Netphen plant eigene Ladesäulen

Die Stadt Netphen möchte die Infrastruktur für die E-Mobilität verbessern und plant deshalb zunächst vier Ladesäulen.

Die Standorte für die geplanten Ladesäulen sind der Jung-Stilling-Platz in Dreis-Tiefenbach, der Wanderparkplatz Obernautalsperre in Brauersdorf, der Alte Bahnhof in Deuz und die Wasserburg in Hainchen.

Teilweise muss das Stromnetz für die Anforderungen der Ladesäulen noch ausgebaut werden. In Deuz und Brauersdorf gibt es noch gar kein Niederspannungskabel, in Dreis-Tiefenbach muss ein stärkeres her.

„Bis jetzt habe ich noch jeden zur Prüfung gebracht und alle haben einen Führerschein bekommen. Mein ältester Fahrschüler war 72-Jahre alt, es hat zwar ein wenig gedauert, aber er konnte nach einer gewissen Zeit seinen Führerschein in Händen halten“, so Jens Schiller.

Die Corona-Pandemie und die Fahrschulen

Dennoch hätten die Fahrschulen nicht nur im Kreis Siegen-Wittgenstein, sondern in ganz Deutschland, Probleme – und die Situation werde immer schlimmer. Durch den Corona-Lockdown gibt es einen erheblichen Stau in der Abarbeitung von Schülerinnen und Schülern. Lange Wartezeiten entstehen, teilweise dauere es über sechs Monate, bis ein Fahrschüler mit der Ausbildung anfangen kann. Hinzu kommt dann noch die Anzahl der Fahrstunden, denn im Schnitt braucht ein Fahrschüler bis zu 40 Stunden und nicht selten mehr. Somit liegen die Führerscheinkosten mindestens bei rund 3000 Euro.

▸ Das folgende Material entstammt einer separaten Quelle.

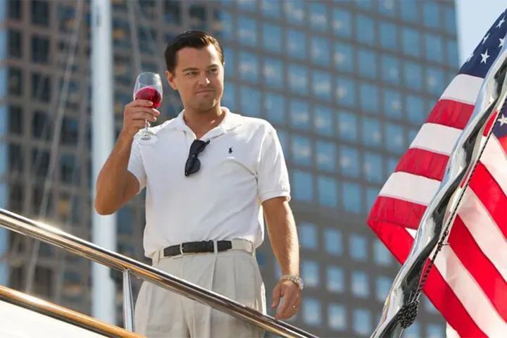莱昂纳多·迪卡普里奥在《华尔街之狼》的经典镜头中,穿着拉夫劳伦。
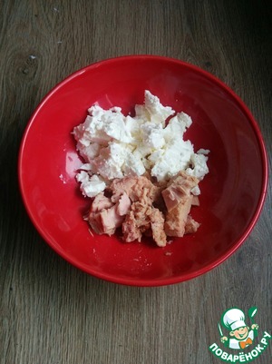 Тунец в собственном соку разминаем вилкой с фетой
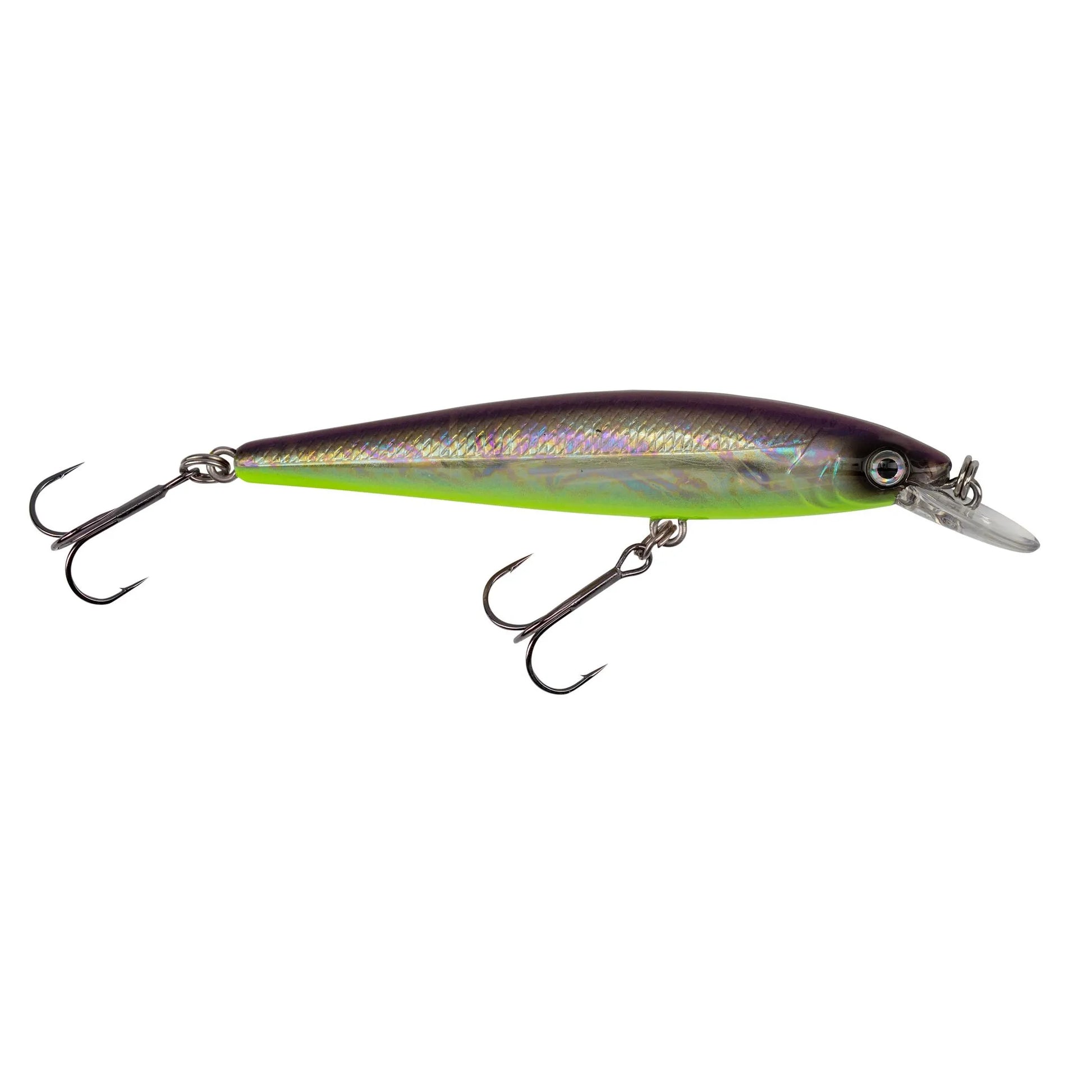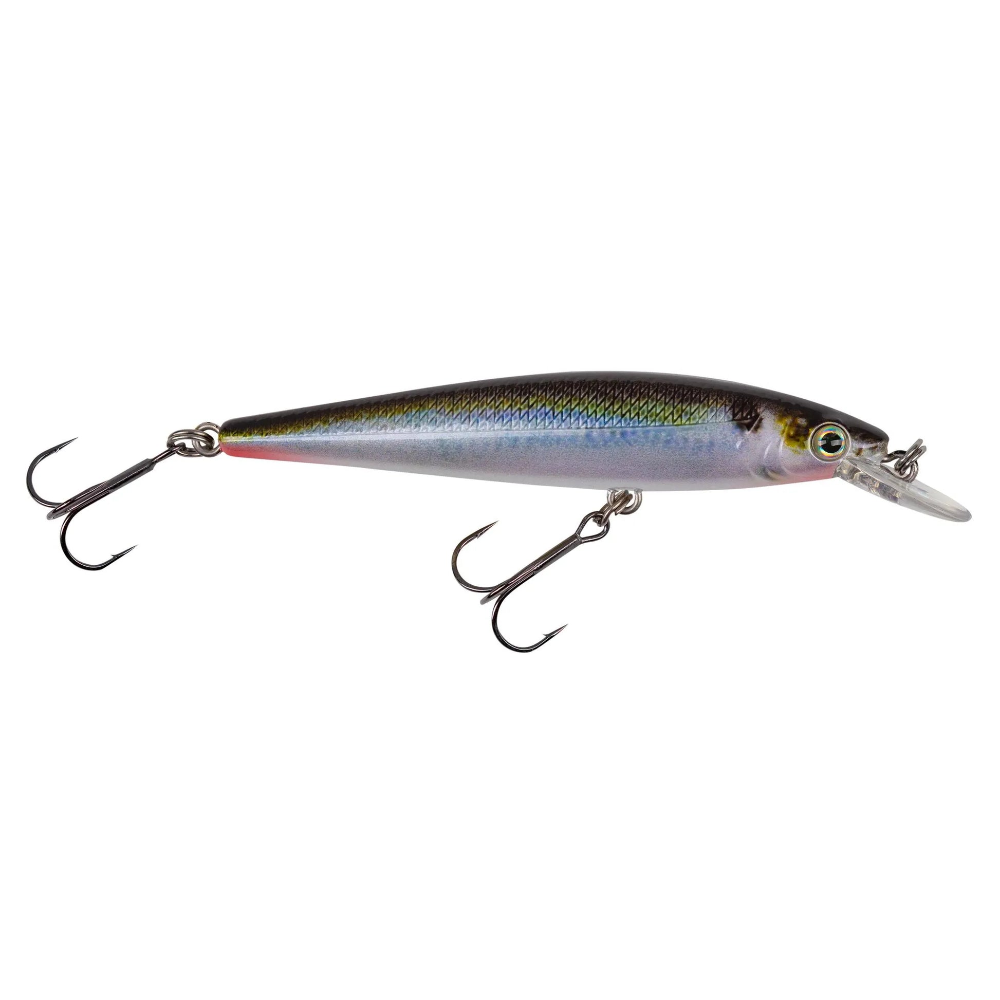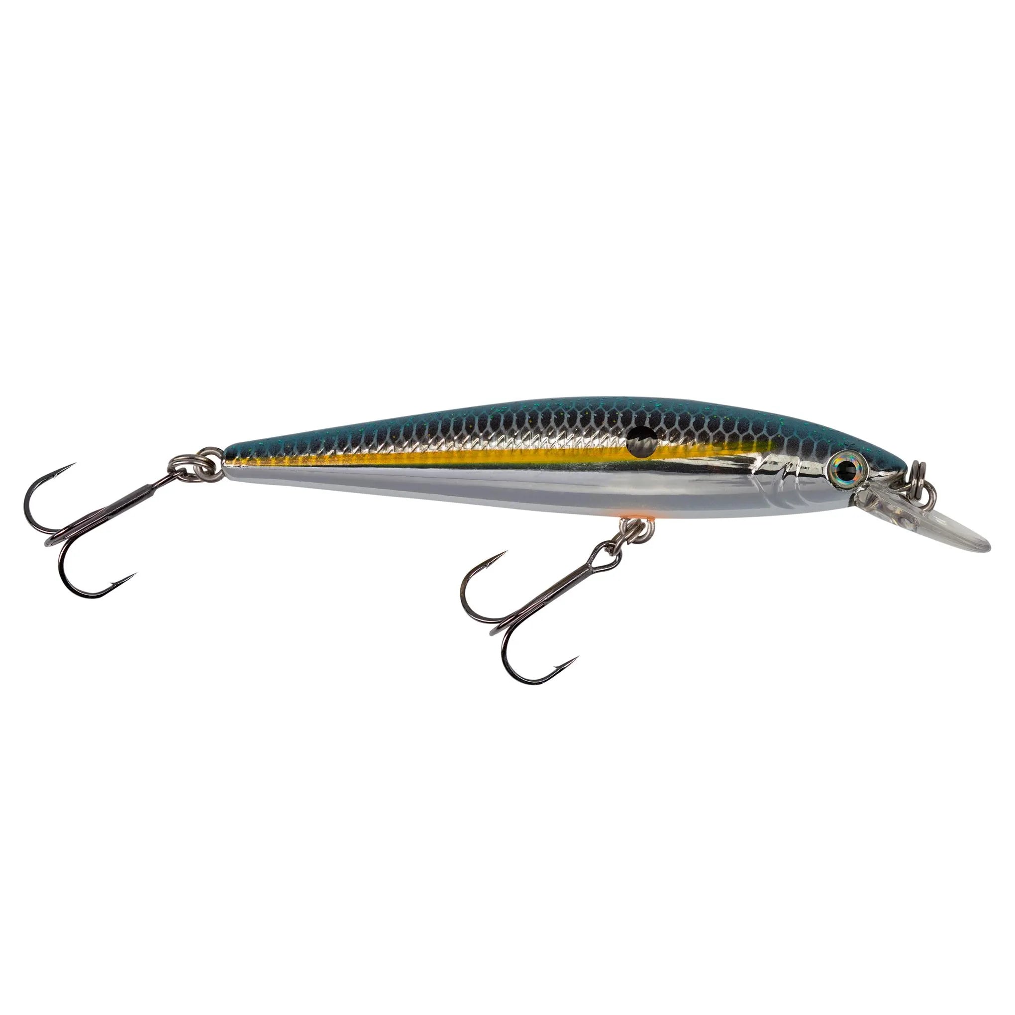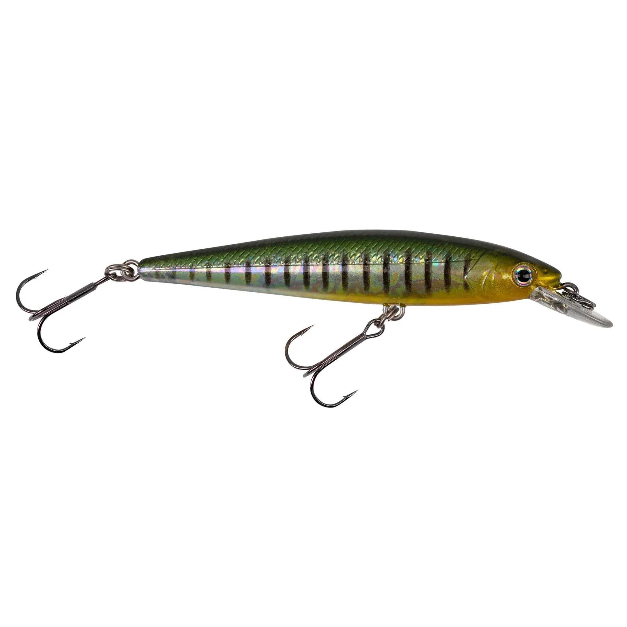 The KVD 100 Jerkbait is a shallow running, darting jerkbait that shines in conditions when larger baits might be too much for the fish. Featuring a slim, minnow-shaped body and precisely engineered diving lip, the KVD 100 comes equipped with treble hooks affixed to high quality split rings and an oval split ring to ensure proper positioning on each cast.
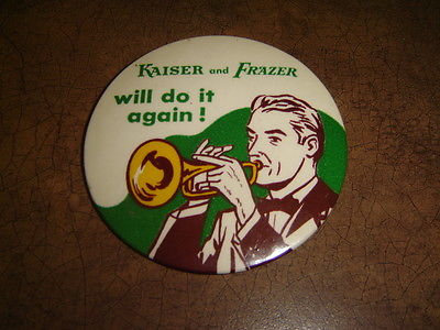 Title (ebay affiliate link): VINTAGE KAISER FRAZER ADVERTISING SALES PINBACK BUTTON "KF WILL DO IT AGAIN"
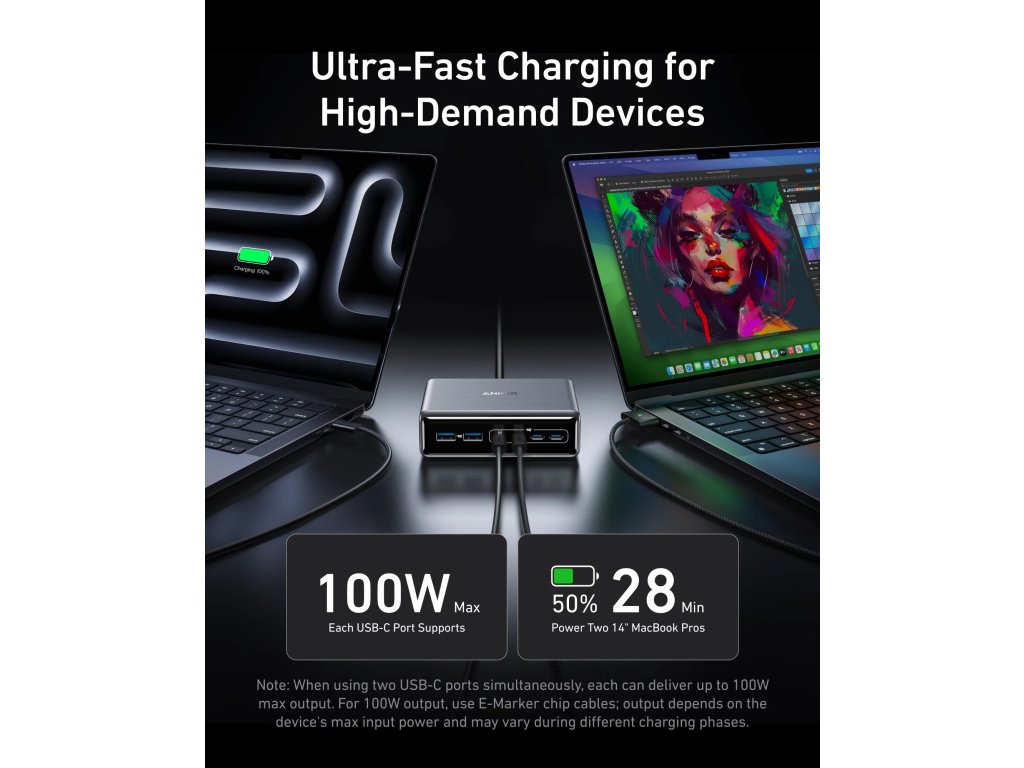 Při současném použití dvou portů USB-C může každý poskytnout maximální výkon až 100 W. Pro výstup 100W použijte čipové kabely E-Marker; výstup závisí na maximálním vstupním výkonu zařízení a může se lišit během různých fází nabíjení.

Neben der Pandemie gibt es dafür aber auch noch einen anderen Grund: In Deutschland fehlen rund 2500 Fahrlehrer. Früher hat die Bundeswehr Fahrlehrer ausgebildet und nach Beendigung ihrer Dienstzeit gingen sie als Fahrlehrer in die private Wirtschaft. Heute kann sich jemand die Ausbildung zum Fahrlehrer von den Kosten her fast nicht mehr leisten und der Fahrlehrer-Beruf ist schon seit Jahrzehnten überaltert. Weitere Gründe sind Engpässe in der Zuteilung von Prüfungen beim TÜV, und auch hier gibt es wochenlange Wartezeiten. „Es gibt einen erheblichen Fachkräftemangel an Fahrlehrern und das wird sich noch verstärken. Und auch ich suche schon seit Monaten zwei Vollzeitkräfte für unsere Fahrschule“, berichtet Jens Schiller.